- How to complete this task: The copy you return should hold only the lines from the top of the data below through the line with "vintage gear circle", each duplicated exactly and with no pictures.

- Entries provided:
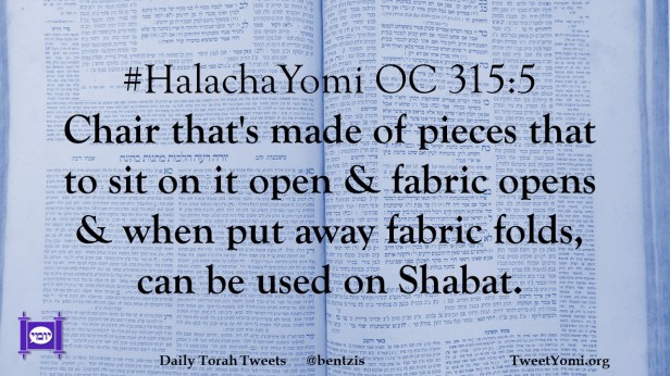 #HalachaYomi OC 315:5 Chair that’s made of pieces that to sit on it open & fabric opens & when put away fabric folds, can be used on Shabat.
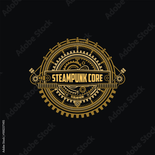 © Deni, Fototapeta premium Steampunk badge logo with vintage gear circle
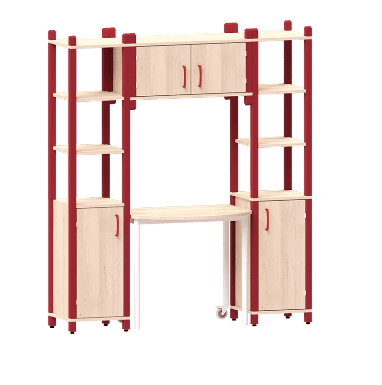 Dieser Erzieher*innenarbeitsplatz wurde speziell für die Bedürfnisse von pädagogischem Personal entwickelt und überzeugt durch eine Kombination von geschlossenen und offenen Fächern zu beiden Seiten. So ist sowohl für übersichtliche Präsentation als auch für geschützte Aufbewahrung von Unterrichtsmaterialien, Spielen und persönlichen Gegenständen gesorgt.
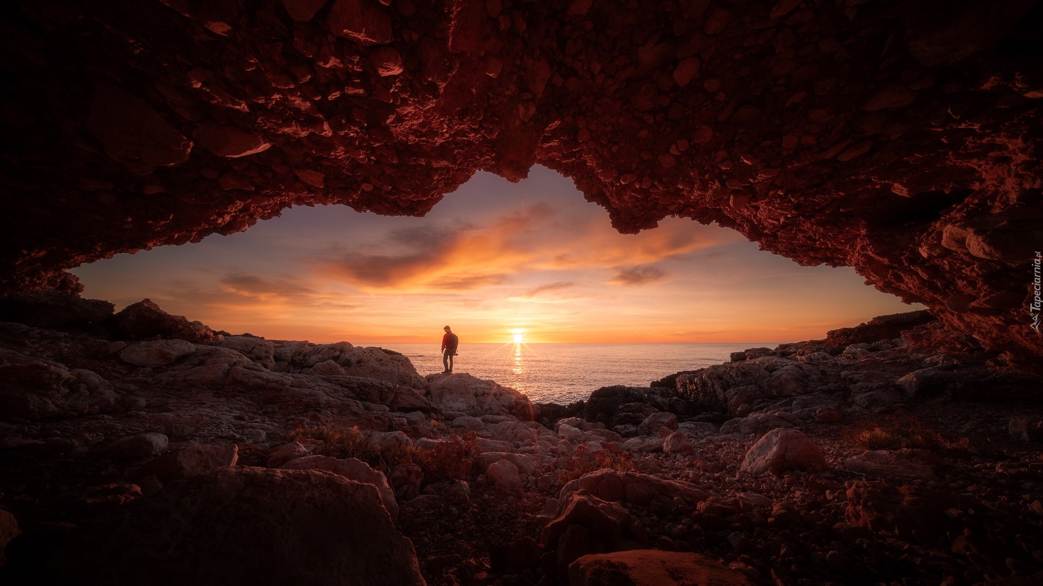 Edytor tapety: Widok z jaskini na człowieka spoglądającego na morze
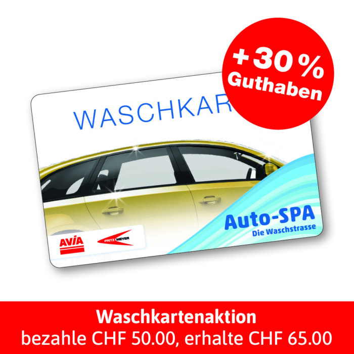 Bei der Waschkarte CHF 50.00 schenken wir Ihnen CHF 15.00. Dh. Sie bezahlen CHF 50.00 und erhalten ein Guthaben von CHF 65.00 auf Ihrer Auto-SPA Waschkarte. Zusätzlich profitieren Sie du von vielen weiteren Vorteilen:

- Your solution:
 #HalachaYomi OC 315:5 Chair that’s made of pieces that to sit on it open & fabric opens & when put away fabric folds, can be used on Shabat.
 © Deni, Fototapeta premium Steampunk badge logo with vintage gear circle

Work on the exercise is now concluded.